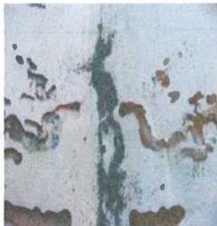
Documentos dañados por Termita de madera seca
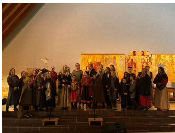
Papa Panovs Juledag, januar 2023

I pinsehelga fikk barnekorene endelig den lille turneen til Kragerø som opprinnelig skulle finne sted i 2020. Vi reiste med buss, hvor det var fantastisk stemning, med sang heeele veien nedover til Kragerø. Der hadde vi to overnattinger på Kragerø Sportell hvor vi også fikk alle måltidene. Vi sang vår egen formiddagskonsert i Kragerø kirke på pinseaften, og deltok også på pinsegudstjenesten i kirken søndag. Det ble også tid til quiz-kveld, bading, båttur og shopping. En etterlengtet turné som knyttet nye vennskapsbånd som er så viktig for miljøet i korene. Fire foreldre ble med som voksenledere og sørget for at alt gikk etter planen. Og Kragerø kirke ønsket oss hjertelig velkommen tilbake!
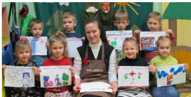
Lengyelországi óvodások képeket rajzolnak az emberi jogokról.
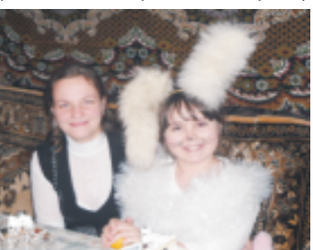
«Словно маленький проказник, пусть веселым будет праздник» (ном. «Семейные праздники» Л.Тарасова)
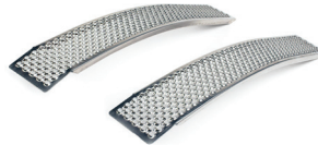
LADERAMPEN GEWÖLBT 505 69 90-43
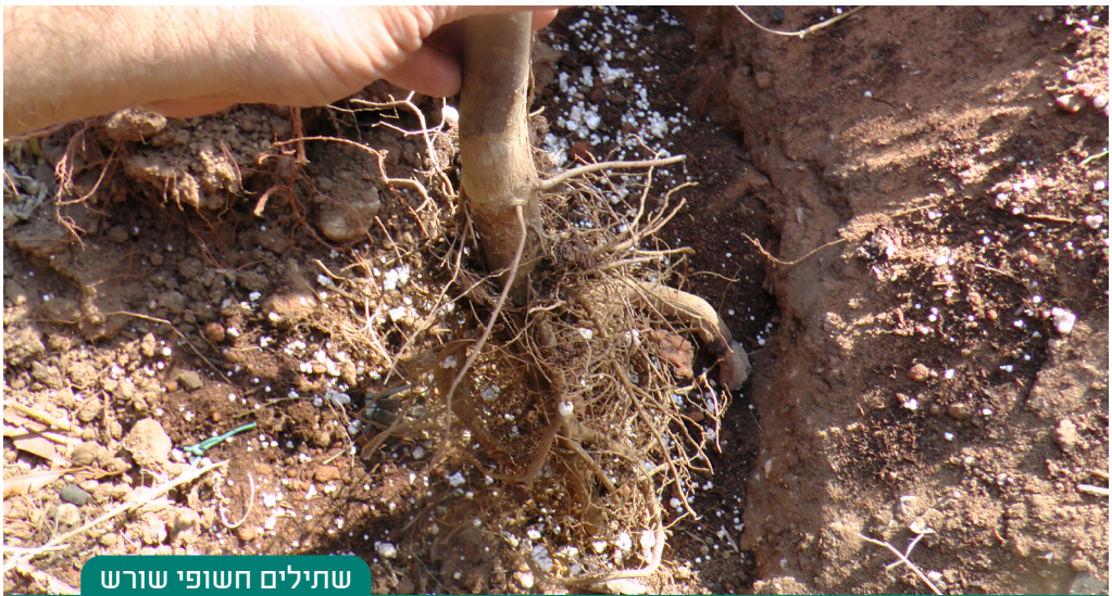
שתילים חשופי שורש

עצי פרי המושרשים בתוך גוש הנמצא בעציץ נקוב (קוטר הנקב בתחתית גדול מ-2.5 ס"מ) קודם ט"ו באב ועמדו על הקרקע מלפני כ"ט באב (כך שנחשבים כמחוברים לקרקע), אפשר לנטועם עד ערב ראש השנה בתנאי שגוש השורשים לא יתפורר בשעת השתילה.
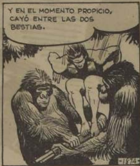
Y EN EL MOMENTO PROPIO, CAYÓ ENTRE LAS DOS BESTIAS.
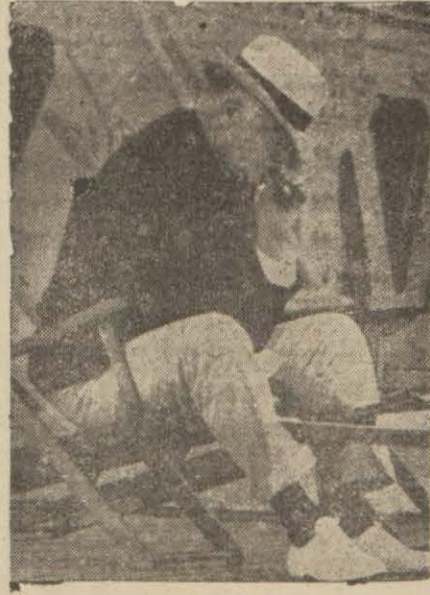
Amerika Cümhur Reisi M. Hoover

Berlin, 21 (A.A.) — Alman hükümeti, M. Hoovere teklifini kabul etmekte olduğunu bildirmiştir.
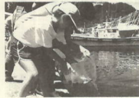
タイの稚魚放流 大きく育て
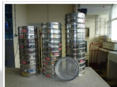
Illustration 3 : Granulométrie NF EN 933-1
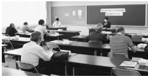
ブロック会のようす

地域を4つに分けてブロックごとに年1回、町会・自治会代表者と市長で意見交換しています。 また、その後、意見等を踏まえた全体会を年1回行っています。全体会には、小金井警察署や小金井消防署からも出席します。
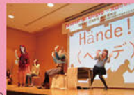
外国語学部国際文化交流学「言語の祭典」より

「外国語劇赤ずきん」(英語・ドイツ語・中国語) 6月11日(日) 14:30-15:30 3号館305 神奈川大学外国語学部
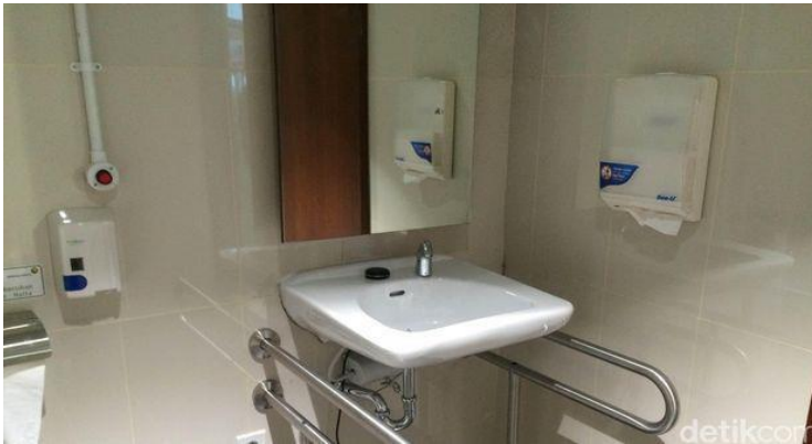
Wastafel Disabilitas

wastafel harus dipasang sedemikian rupa sehingga dapat membantu disabilitas bergerak dengan leluasa. Untuk faktor keselamatan, wastafel dilengkapi dengan pegangan tangan (handle)
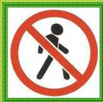
Движение пешеходов запрещено
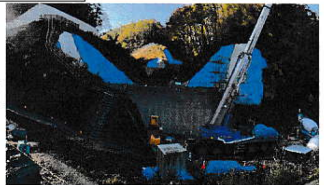
写真①-2 沈砂調整池堰堤 コンクリート打設状況
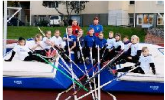
Laitilan seiväskoululaisia 2019

Seiväskouluille soveltuva opetusmateriaali on julkaistu Seivästallin kotisivuilla ja on otettavissa sieltä käyttöön tarpeen mukaisesti.
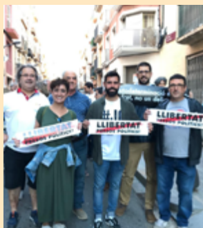
Manifestació a Reus pel final del judici contra els presos polítics
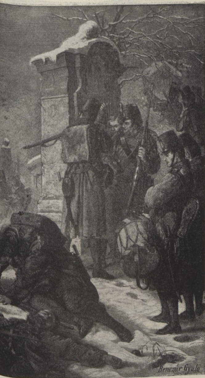
A temetői csata.
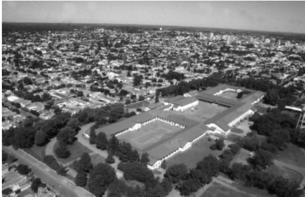
No es razonable que en una ciudad como Santa Rosa, haya quedado una hectárea dentro de la misma, a la que no se le de un mejor aprovechamiento, no por quienes usan el predio actualmente, sino por lo que se podría hacer allí.

El Parque Industrial mismo, pareciera lejos 30 años atrás y ahora está pegado a populosos barrios y hasta un nuevo hospital. El día que de verdad se radiquen las industrias y empresas de servicios derivadas (una deuda pendiente porque están diseminadas por toda
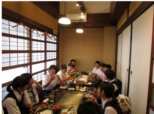
▲昼食は広島流お好み焼き
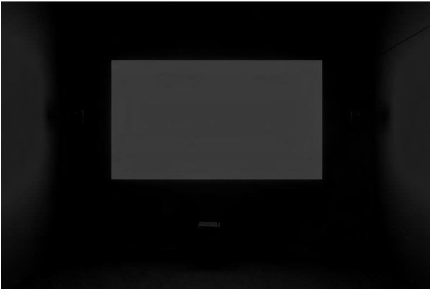
2 Derek Jarman, Blue , 1993, 35mm Film, Dauer 79 Minuten, Präsentationsansicht, Tate London 2014.
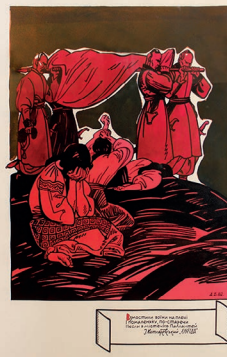
Рис. 4. Анатолій Базилевич. «Взмостили воїни на плечі...». Ілюстрація до поеми І. Котляревського «Енеїда». Ч. VI. 1982.
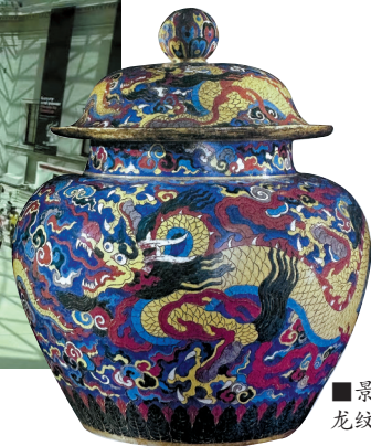
■景泰蓝云龙纹盖罐
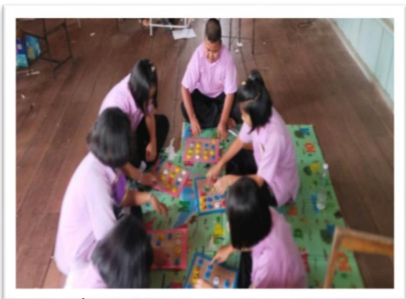
โรงเรียนมีสื่อ/นวัตกรรมสำหรับใช้ในการจัดกิจกรรมที่เหมาะสมและหลากหลาย
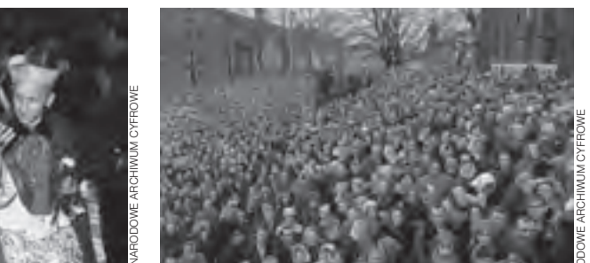
Białystok, 20 listopada 1966.
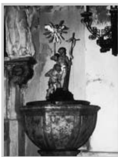
Křtitelnice z 2. poloviny 18. století – (J. Maca, 1985)
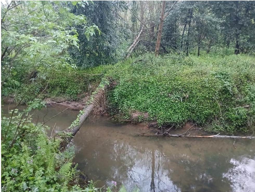
Antes de los trabajos
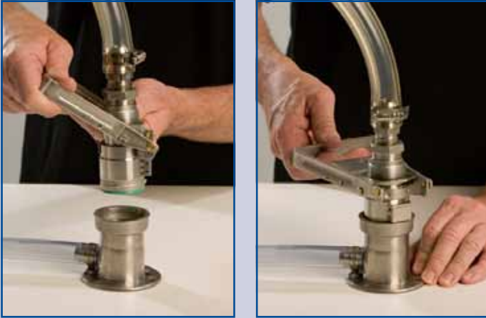
Entnahmekupplung mit Spülfuß
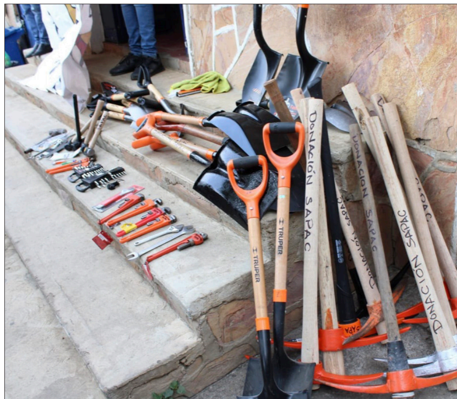
▲ Con la donación de herramientas, la Organización Colonias Unidas de Cuernavaca busca apoyar al Sistema de Agua Potable y Alcantarillado de Cuernavaca (Sapac) para la reparación de fugas de agua potable.

Expuso que a dos años del gobierno de Cuernavaca, han logrado el rescate del Sistema de Agua Potable y Alcantarillado de Cuernavaca (Sapac), pues a su llegada no se contaba con herramienta, vehículos y pipas: “La idea es extraordinaria nos han hecho algunas donaciones importantes, el presidente municipal ha estado muy comprometido con el Sapac” y recordó “que en días recientes hizo entrega de material muy importante para el trabajo que se hace de manera muy cotidiana”.
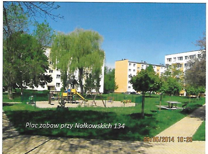
Plac zabaw przy Nałkowskich 134
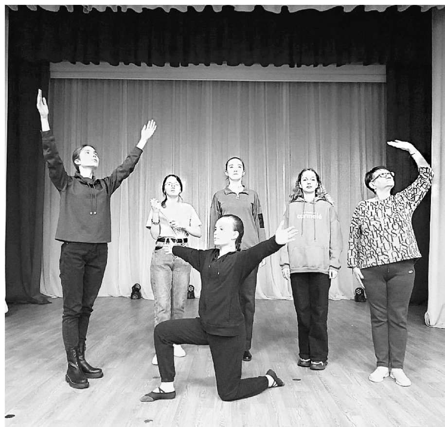
Сейчас коллектив театра ставит литературно-музыкальную композицию по повести Бориса Васильева «А зори здесь тихие». Премьера спектакля планируется ко Дню Победы.
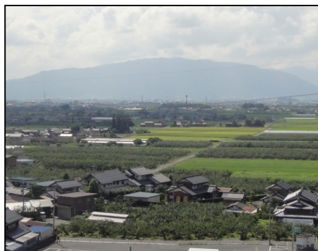
田園風景と調和した農村集落
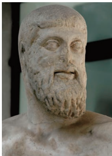
Fig. 2 - Aristogitone. Tivoli, Villa Adriana, copia adrianea da Kritios e Nesiotes (477/6 a.C.). Napoli, Museo Archeologico Nazionale, inv. n. 6009.

datazione all'età dello stile severo, fondata soprattutto sul confronto tra la capigliatura e la barba dell'Aristogitone (Fig. 2) del gruppo dei Tirannicidi 1 , è stata puntualmente avanzata dallo scopritore G. Calza 2 e difesa da L. Curtius 3 , mentre si espressero con parere negativo – sulla base di considerazioni teoretiche legate alla nascita del ritratto greco – R. Bianchi Bandinelli 4 , B. Schweitzer 5 e G. Becatti 6 . Essi rilevarono una sensibilità plastica più coerente alle ricerche formali di metà IV secolo a.C.: l'erma sarebbe allora la rielaborazione di un originale di V secolo a.C. pienamente inserito negli sviluppi del ritratto fisionomico, fiorito in età tardoclassica. In ogni caso, si tratterebbe di una creazione posteriore legata alla riabilitazione di Temistocle, forse
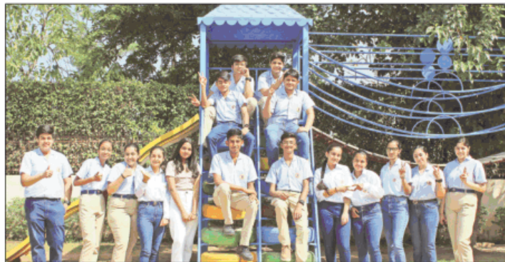
स्कूल के मेधावी बच्चे।

उन्होंने एक प्रस्तुति भी साझा की जिसमें छात्रों की उपलब्धियों पर प्रकाश डाला गया और सभी टॉपर्स

▶ [WORK TO BE COMPLETED] Set down every line above exactly, pictures excluded.

▶ [WORKED SOLUTION]
Documentos dañados por Termita de madera seca
Papa Panovs Juledag, januar 2023

I pinsehelga fikk barnekorene endelig den lille turneen til Kragerø som opprinnelig skulle finne sted i 2020. Vi reiste med buss, hvor det var fantastisk stemning, med sang heeele veien nedover til Kragerø. Der hadde vi to overnattinger på Kragerø Sportell hvor vi også fikk alle måltidene. Vi sang vår egen formiddagskonsert i Kragerø kirke på pinseaften, og deltok også på pinsegudstjenesten i kirken søndag. Det ble også tid til quiz-kveld, bading, båttur og shopping. En etterlengtet turné som knyttet nye vennskapsbånd som er så viktig for miljøet i korene. Fire foreldre ble med som voksenledere og sørget for at alt gikk etter planen. Og Kragerø kirke ønsket oss hjertelig velkommen tilbake!
Lengyelországi óvodások képeket rajzolnak az emberi jogokról.
«Словно маленький проказник, пусть веселым будет праздник» (ном. «Семейные праздники» Л.Тарасова)
LADERAMPEN GEWÖLBT 505 69 90-43
שתילים חשופי שורש

עצי פרי המושרשים בתוך גוש הנמצא בעציץ נקוב (קוטר הנקב בתחתית גדול מ-2.5 ס"מ) קודם ט"ו באב ועמדו על הקרקע מלפני כ"ט באב (כך שנחשבים כמחוברים לקרקע), אפשר לנטועם עד ערב ראש השנה בתנאי שגוש השורשים לא יתפורר בשעת השתילה.
Y EN EL MOMENTO PROPIO, CAYÓ ENTRE LAS DOS BESTIAS.
Amerika Cümhur Reisi M. Hoover

Berlin, 21 (A.A.) — Alman hükümeti, M. Hoovere teklifini kabul etmekte olduğunu bildirmiştir.
タイの稚魚放流 大きく育て
Illustration 3 : Granulométrie NF EN 933-1
ブロック会のようす

地域を4つに分けてブロックごとに年1回、町会・自治会代表者と市長で意見交換しています。 また、その後、意見等を踏まえた全体会を年1回行っています。全体会には、小金井警察署や小金井消防署からも出席します。
外国語学部国際文化交流学「言語の祭典」より

「外国語劇赤ずきん」(英語・ドイツ語・中国語) 6月11日(日) 14:30-15:30 3号館305 神奈川大学外国語学部
Wastafel Disabilitas

wastafel harus dipasang sedemikian rupa sehingga dapat membantu disabilitas bergerak dengan leluasa. Untuk faktor keselamatan, wastafel dilengkapi dengan pegangan tangan (handle)
Движение пешеходов запрещено
写真①-2 沈砂調整池堰堤 コンクリート打設状況
Laitilan seiväskoululaisia 2019

Seiväskouluille soveltuva opetusmateriaali on julkaistu Seivästallin kotisivuilla ja on otettavissa sieltä käyttöön tarpeen mukaisesti.
Manifestació a Reus pel final del judici contra els presos polítics
A temetői csata.
No es razonable que en una ciudad como Santa Rosa, haya quedado una hectárea dentro de la misma, a la que no se le de un mejor aprovechamiento, no por quienes usan el predio actualmente, sino por lo que se podría hacer allí.

El Parque Industrial mismo, pareciera lejos 30 años atrás y ahora está pegado a populosos barrios y hasta un nuevo hospital. El día que de verdad se radiquen las industrias y empresas de servicios derivadas (una deuda pendiente porque están diseminadas por toda
▲昼食は広島流お好み焼き
2 Derek Jarman, Blue , 1993, 35mm Film, Dauer 79 Minuten, Präsentationsansicht, Tate London 2014.
Рис. 4. Анатолій Базилевич. «Взмостили воїни на плечі...». Ілюстрація до поеми І. Котляревського «Енеїда». Ч. VI. 1982.
■景泰蓝云龙纹盖罐
โรงเรียนมีสื่อ/นวัตกรรมสำหรับใช้ในการจัดกิจกรรมที่เหมาะสมและหลากหลาย
Białystok, 20 listopada 1966.
Křtitelnice z 2. poloviny 18. století – (J. Maca, 1985)
Antes de los trabajos
Entnahmekupplung mit Spülfuß
▲ Con la donación de herramientas, la Organización Colonias Unidas de Cuernavaca busca apoyar al Sistema de Agua Potable y Alcantarillado de Cuernavaca (Sapac) para la reparación de fugas de agua potable.

Expuso que a dos años del gobierno de Cuernavaca, han logrado el rescate del Sistema de Agua Potable y Alcantarillado de Cuernavaca (Sapac), pues a su llegada no se contaba con herramienta, vehículos y pipas: “La idea es extraordinaria nos han hecho algunas donaciones importantes, el presidente municipal ha estado muy comprometido con el Sapac” y recordó “que en días recientes hizo entrega de material muy importante para el trabajo que se hace de manera muy cotidiana”.
Plac zabaw przy Nałkowskich 134
Сейчас коллектив театра ставит литературно-музыкальную композицию по повести Бориса Васильева «А зори здесь тихие». Премьера спектакля планируется ко Дню Победы.
田園風景と調和した農村集落
Fig. 2 - Aristogitone. Tivoli, Villa Adriana, copia adrianea da Kritios e Nesiotes (477/6 a.C.). Napoli, Museo Archeologico Nazionale, inv. n. 6009.

datazione all'età dello stile severo, fondata soprattutto sul confronto tra la capigliatura e la barba dell'Aristogitone (Fig. 2) del gruppo dei Tirannicidi 1 , è stata puntualmente avanzata dallo scopritore G. Calza 2 e difesa da L. Curtius 3 , mentre si espressero con parere negativo – sulla base di considerazioni teoretiche legate alla nascita del ritratto greco – R. Bianchi Bandinelli 4 , B. Schweitzer 5 e G. Becatti 6 . Essi rilevarono una sensibilità plastica più coerente alle ricerche formali di metà IV secolo a.C.: l'erma sarebbe allora la rielaborazione di un originale di V secolo a.C. pienamente inserito negli sviluppi del ritratto fisionomico, fiorito in età tardoclassica. In ogni caso, si tratterebbe di una creazione posteriore legata alla riabilitazione di Temistocle, forse
स्कूल के मेधावी बच्चे।

उन्होंने एक प्रस्तुति भी साझा की जिसमें छात्रों की उपलब्धियों पर प्रकाश डाला गया और सभी टॉपर्स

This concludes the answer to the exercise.